24 Eylül 2006

Turquality - Suat Taşpınar yazısı Radikal Gazetesi 24 Eylül 2006 Pazar

Herkesten özür dilerim, Turquality amacına ulaştı! - Suat Taşpınar

'İnsan beşer, beşer şaşar' demişler. Ama hatayı kabul etmek ve özür dilemek hiç değilse 'hafifletici sebep'. Ben de vicdan azabından kurtulmak için bugün bir itirafı yazacağım: İki yıldır "Türkiye'nin havaya uçurulan birkaç milyon doları" diye hep eleştirdiğim, iyi niyetli bir proje bile olsa, uygulaması tümüyle israf ve şahsi imaj parlatma operasyonuna döndüğü zannıyla, sebep olanların sık sık kulaklarını çınlattığım 'Turquality' kampanyasına dair günah çıkaracağım. Dünyayı bilmem ama bu proje Rusya'da amacına ulaşmıştır. Sebebini anlatacağım:
"Belirli standartları yakalamış Türk markalarının uluslararası pazarlarda kalite imajını güçlendirmek ve bilinirliğini artırmak." Projenin hem isim, hem de fikir babası olan Bakan Tüzmen, 16 Aralık 2004'te 'başlama vuruşunu' Moskova'daki fiyakalı bir kokteylle yaparken, amacı böyle açıklamıştı. Ancak projenin uygulamasının aceleye getirildiği her halinden belliydi.

Radikal'de 'Türk'e Türk Turqality'si' başlığıyla 'o geceyi' yazmıştım: "Maksat, Türkiye'yi tüm dünyada 'marka' yapacak 'Turquality' imaj kampanyasını başlatmaktı. Hesapta Rusya'nın en önemli medya mensupları, PR'cıları, tekstil ve deri sektörünün devleri, velhasılı '400 en mühim Rus' davetliydi.
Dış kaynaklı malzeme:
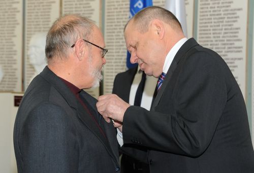 Поздравил и наградил работников ВНИИЭФ первый заместитель генерального директора Госкорпорации «Росатом» Иван Каменских. Поскольку Василий Устиненко по состоянию здоровья не смог присутствовать на торжественной церемонии, Иван Михайлович вместе с первым зам. директора ВНИИЭФ — директором ИТМФ Вячеславом Соловьевым вручили награду победителю в домашней обстановке.

En gösterişli salon kiralanmış, en pahalı yemekler ayarlanmış, en gözde şarkıcı (Sertab Erener) getirilmiş, en büyük bütçe ayrılmıştı. Sonuç ne mi oldu? Rusların parmakla sayıldığı, salonu Türklerin doldurduğu bir gecede kendimiz çaldık, kendimiz oynadık. Yine Türk'e Türk propagandası yaptık." Eleştiriye pek tahammülümüz olmadığı, o yazıdan sonra bir kez daha teyit oldu, o ayrı bir hikâye...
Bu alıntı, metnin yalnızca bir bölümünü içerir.